Year: Team; Games; Tackles; Interceptions; Fumbles
GP: GS; Cmb; Solo; Ast; Sck; TFL; Int; Yds; TD; Lng; PD; FF; FR; Yds; TD
2005: PIT; 4; 0; 8; 8; 0; 0.0; 0; 0; 0; 0; 0; 3; 0; 0; 0; 0
2007: PIT; 1; 0; 1; 1; 0; 0.0; 0; 0; 0; 0; 0; 0; 0; 0; 0; 0
2008: PIT; 3; 3; 4; 4; 0; 0.0; 0; 0; 0; 0; 0; 1; 0; 0; 0; 0
2009: ARI; 2; 2; 9; 9; 0; 0.0; 0; 0; 0; 0; 0; 0; 0; 0; 0; 0
2010: PIT; 3; 2; 4; 4; 0; 0.0; 0; 0; 0; 0; 0; 0; 0; 0; 0; 0
2011: PIT; 1; 0; 0; 0; 0; 0.0; 0; 0; 0; 0; 0; 0; 0; 0; 0; 0
14; 7; 26; 26; 0; 0.0; 0; 0; 0; 0; 0; 4; 0; 0; 0; 0

== Broadcasting career ==
While still a player, for three seasons, McFadden hosted his own 30-minute weekly TV show on WPMY, "The Hometowne Sports B-Mac Corner." He also hosted a weekly radio show on Pittsburgh's WEAE-FM, now known as WPGP, in 2011–12.
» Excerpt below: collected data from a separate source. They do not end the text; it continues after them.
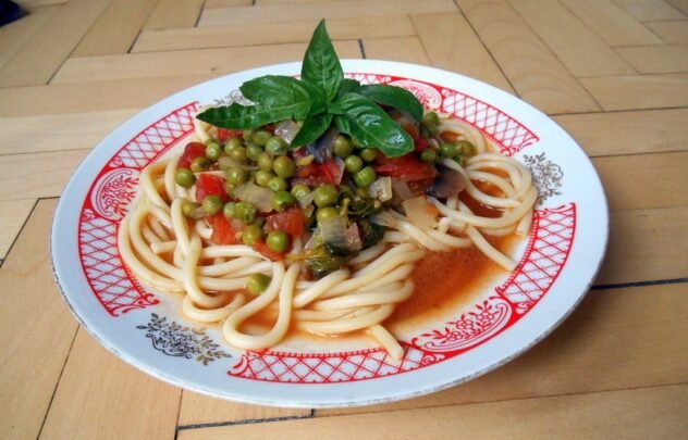 Toto je veganská verze, obohacená o hrášek a žampióny:
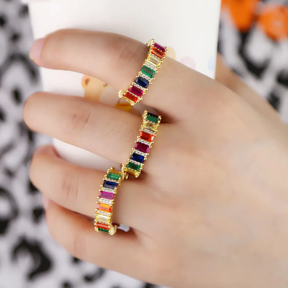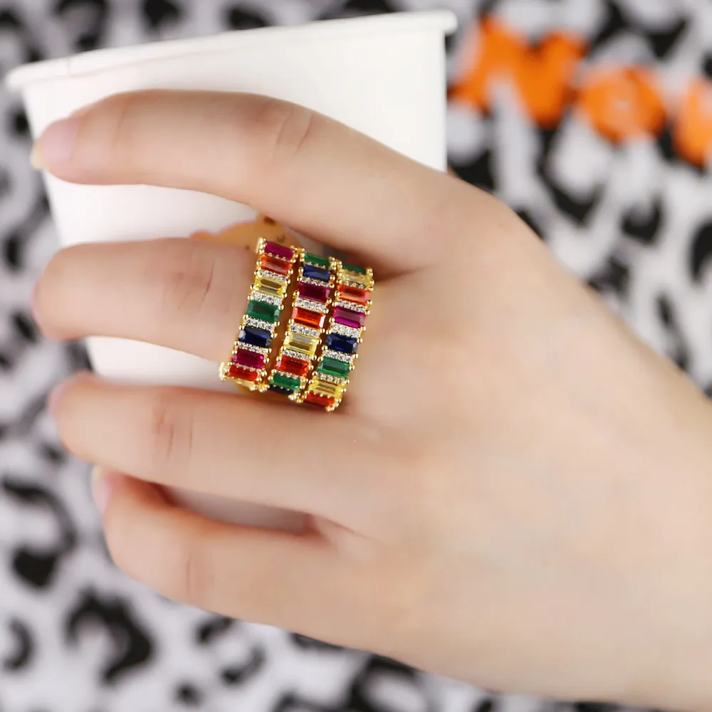 Женское кольцо-Багет с золотым наполнителем, разноцветное обручальное кольцо с кубическим цирконием в форме радуги, 2019
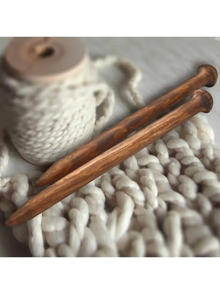 Гигантские Спицы для Толстой Пряжи из Дерева 20мм/400мм. Оригинальный и уникальный продукт из Сибири! Очень легкие и не вызывают аллергии! Экологичные, без содержания вредных примесей! Прочные, подходят новичкам и для использования детьми!!! Гладкие! Тщательно отполированы! Рабочие коники достаточно острые, при этом не ранят нежную кожу! Словно созданы самой природой для легкого вязания, с ними Ваши вещи будут великолепны! Идеально подходят для толстой пряжи! Отличный выбор для тех, кому хочется вязать большие вещи, но не хватает терпения на длительную работу. Вещи крупной вязки выглядят эффектно, современно, оригинально и дорого!
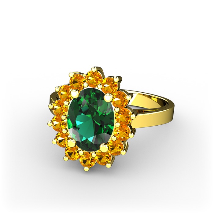 Yeşil kuvars ve sitrin 18 ayar altın yüzük
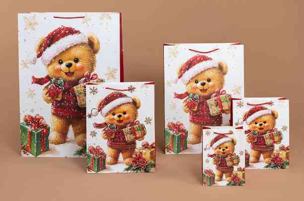 НГ Пакет бумажный M 18х23см Новогодний мишка Дизайн №2 Металлик
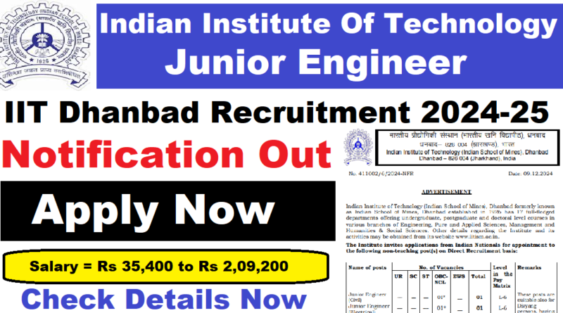 IIT Dhanbad Recruitment 2024-25, Junior Engineer Latest Vacancy 2024-25, 22/01/2025 Last Date
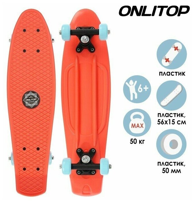 10 цен на Пенниборд 56 х 15 см колеса PVC 50 мм пластиковая подвеска цвет оранжевый
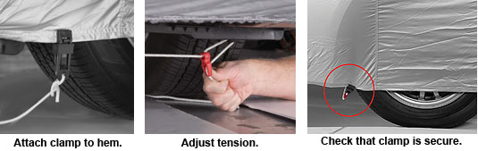 The kit includes components to make two adjustable security cords that clamp to the hem in front of the front tires and behind the rear tires.
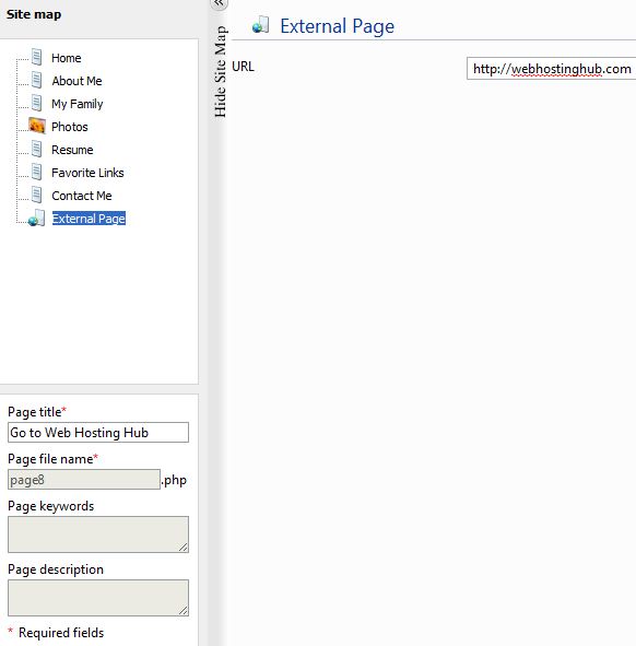 On this page, all you need to do is put in the URL that you want the link to direct to. In this example, I have used webhostinghub.com. Be sure to rename the title of the link from "External Page" to something more appropriate.
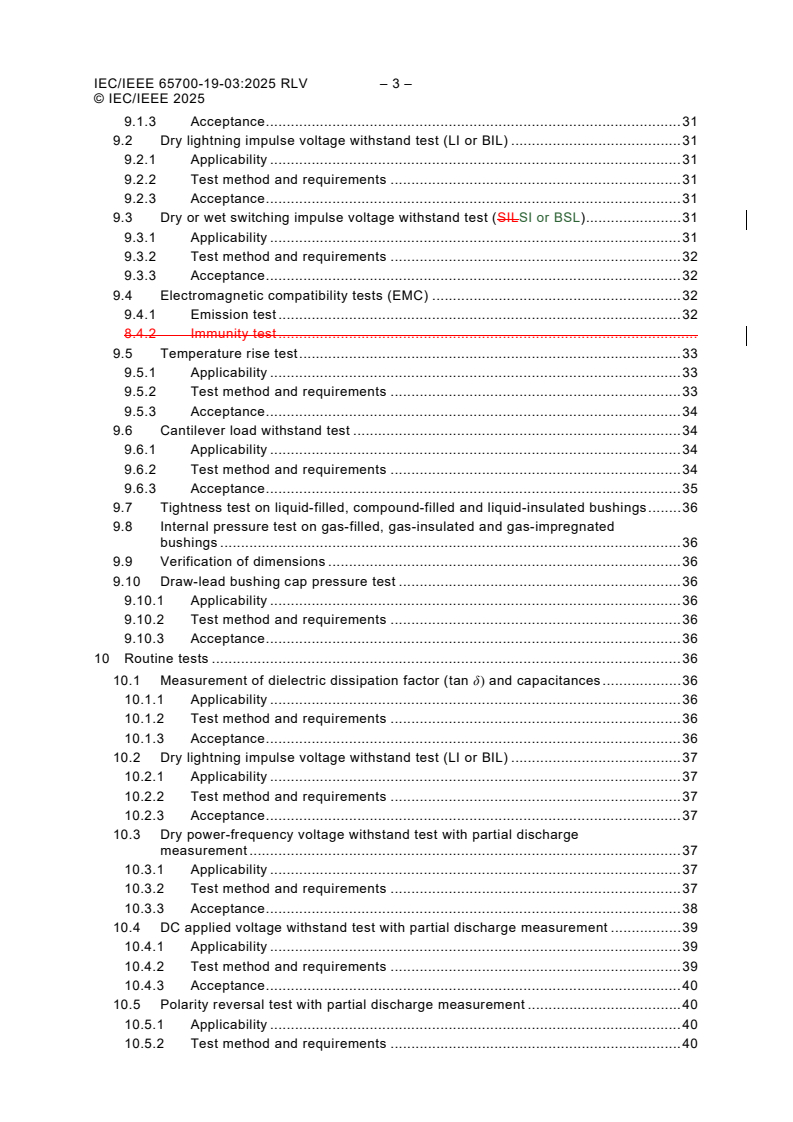 IEC/IEEE 65700-19-03:2025 applies to outdoor and indoor bushings of any voltage used on DC systems, of capacitance graded or gas insulated types for use as components of liquid-filled converter transformers and smoothing reactors, as well as air-to-air DC bushings. It applies to both line commutated converter (LCC), as well as voltage source converter (VSC) technologies. This document does not apply to the following:
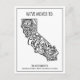 Schicken Sie Ihre Familie und Freunde diesen modernen boho California Staat neue Adresse bewegen Ansage Postcard. Dieses elegante Design zeichnet sich durch eine Schwarz-Weiß-Illustration des Staat von Kalifornien aus, die durch eine Blumenmandala hervorgehoben wird. Der obere Teil der Karte lautet "Wir sind in:" Und unter der Abbildung ist Ihr Name und Ihre neue Adresse zu personalisieren. Die Rückseite der Postkarte enthält eine Nachricht und eine Signatur, die Sie anpassen können. Entworfen von Susan Coffey.
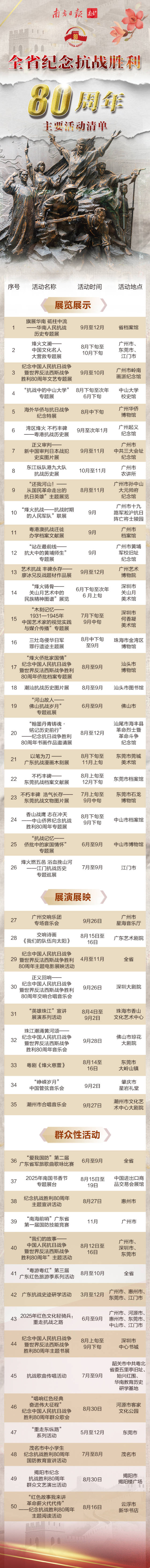 主要活动清单来了!广东围绕纪念抗战胜利80周年开展系列活动
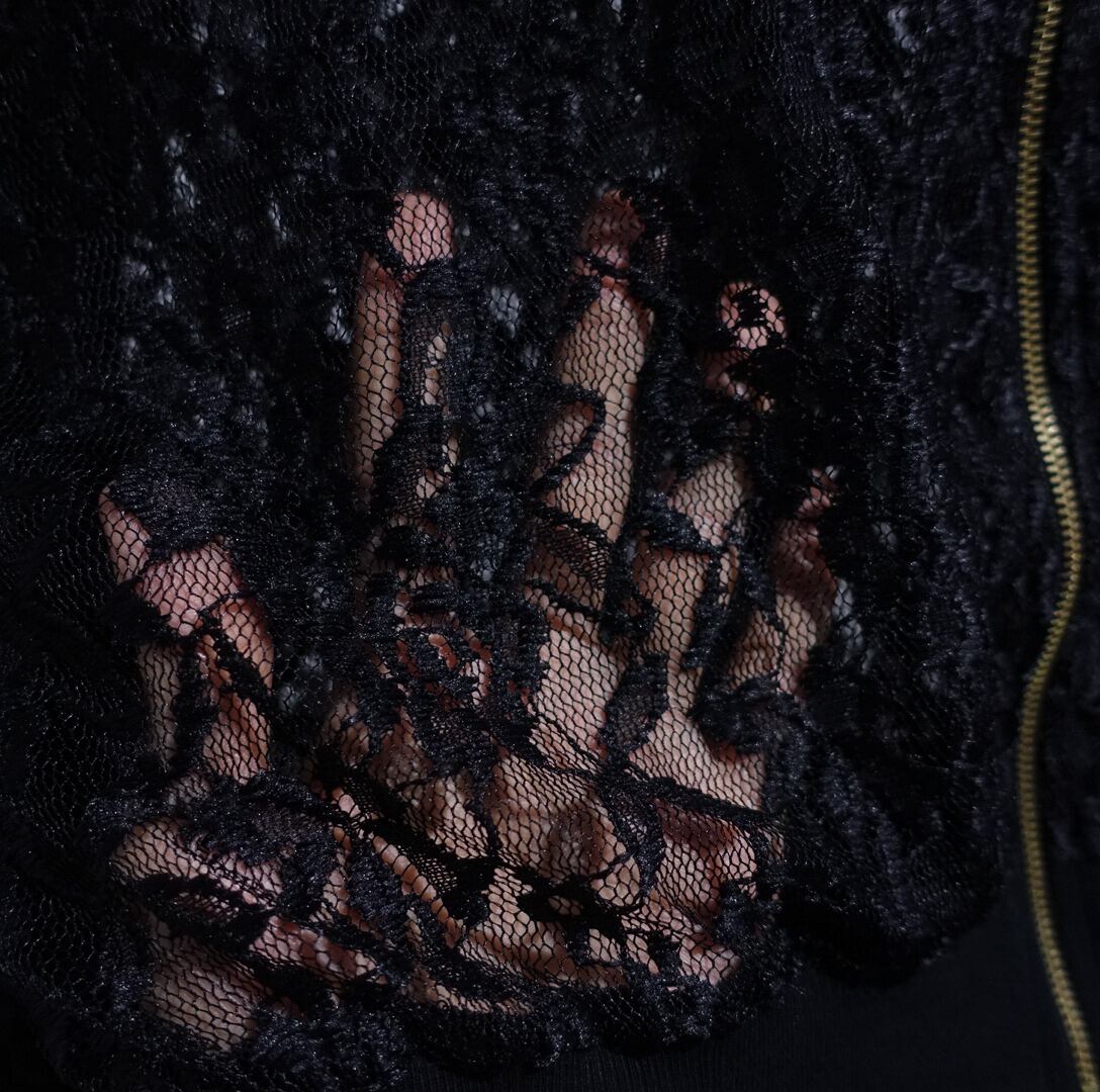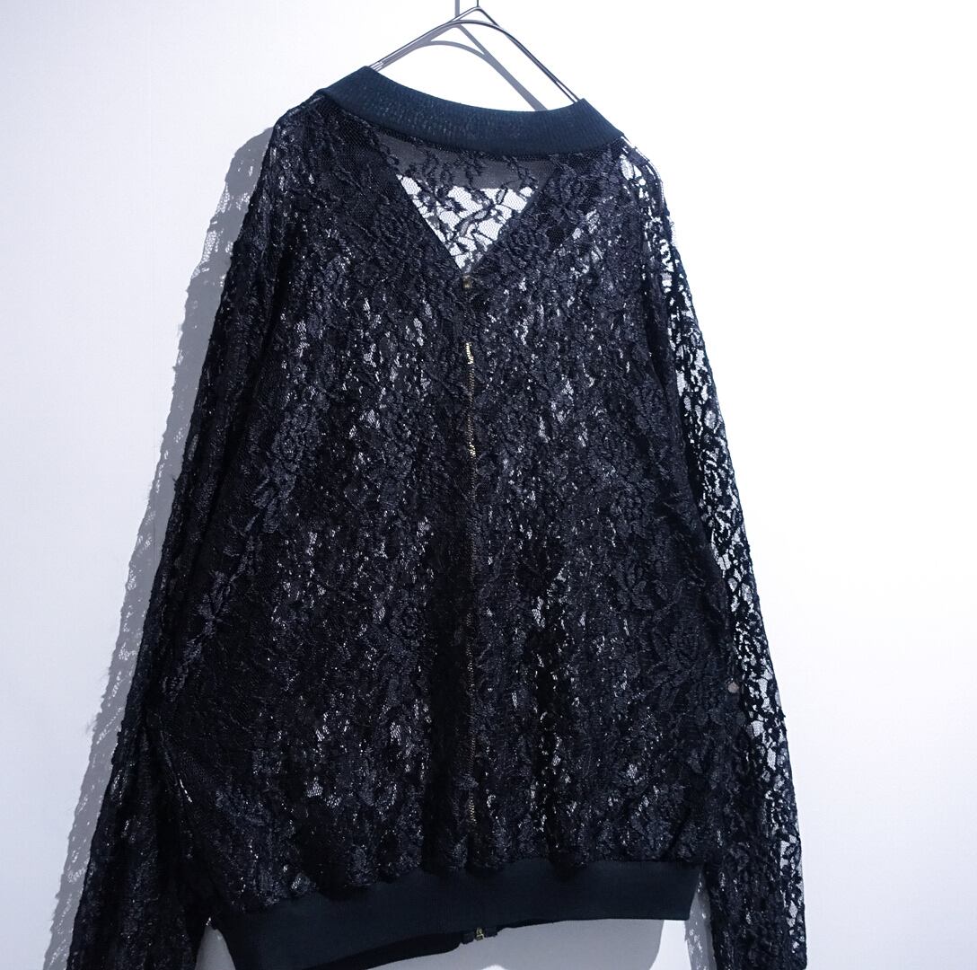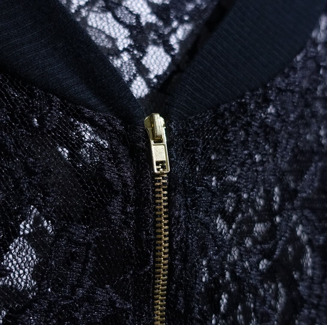 Black Flower Pattern Design Lace Zip BlousonMaterial :
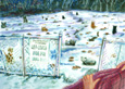 by capturing features and recording poignant imagery with the use of watercolor
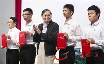 图为2014年6月,杨振宁来莞为学生科研团队颁发奖学金 东莞时报资料图 记者 陈帆 摄
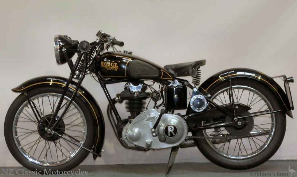 GEARBOX. -Rudge-Whitworth patent four-speed (Patent No. 331643). Gears In CONSTANT MESH, Kick starter mechanism ENCLOSED. Mechanism shield particularly neat and Instantly detachable. Positively operated foot change. Multi-plate clutch. Solo gear ratios: 6,39 to 1; 8,2 to 1; 11.2 to 1; 15.95 to 1.
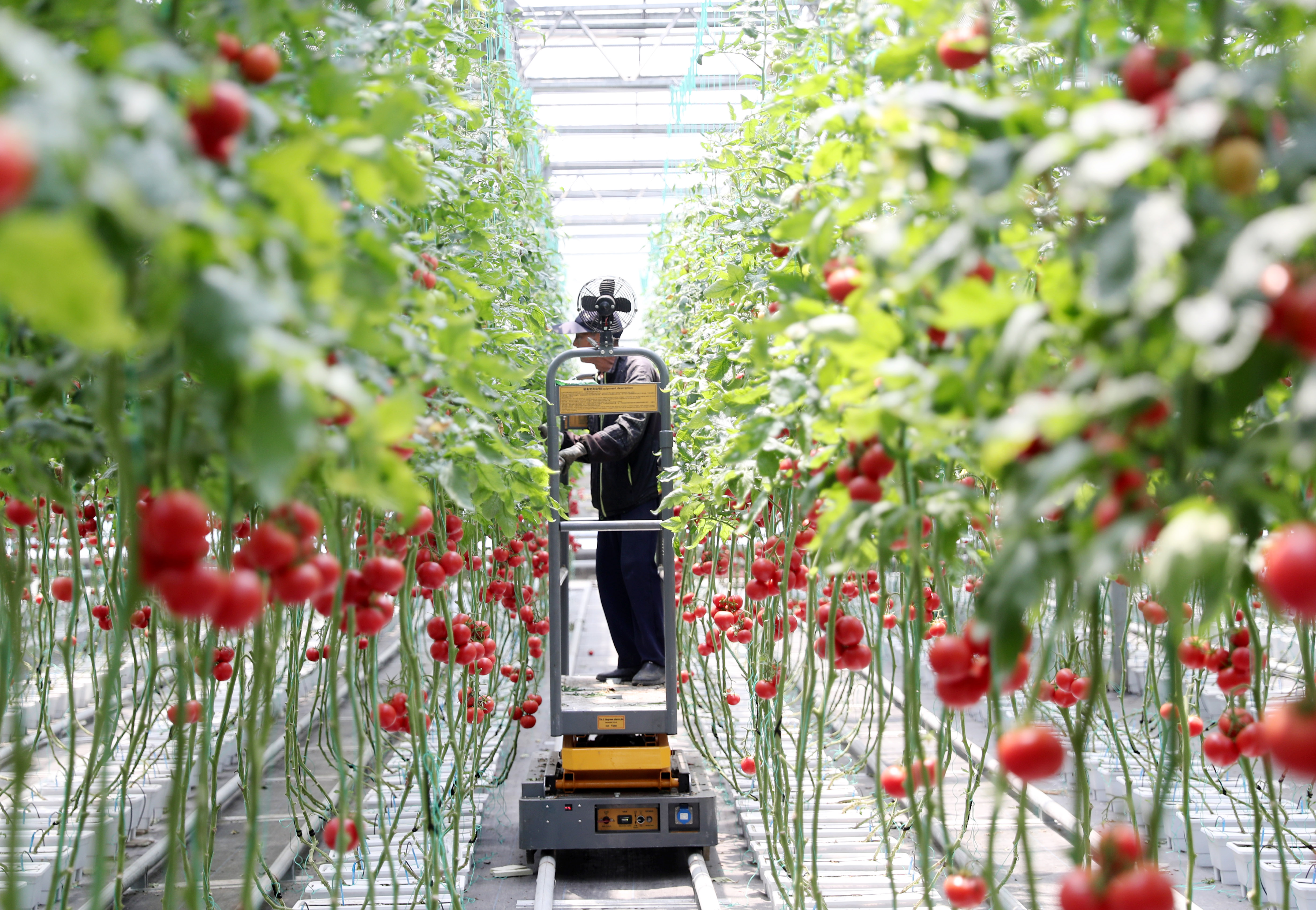 5月15日,村民在青島市即墨區(qū)北安街道一家智慧農場內采摘西紅柿供應市場。 張進剛 攝

Following his playing career, McFadden joined the team at 120 Sports, an all-digital sports network based out of Chicago, where he served as a studio analyst.

In addition to his work on 120 Sports, McFadden has worked as a game analyst for the 2015 Southern Heritage Classic on Fox Sports South, and been a regular guest on radio shows across the country, including national broadcasts on ESPN Radio and Sirius/XM.

In 2018, McFadden joined CBS Sports HQ appearing regularly during the NFL season as an analyst for their weekly football shows.

McFadden joins several of his Steelers' teammates who have moved into broadcasting after their playing careers, including Jerome Bettis, Ryan Clark, Ike Taylor and Hines Ward.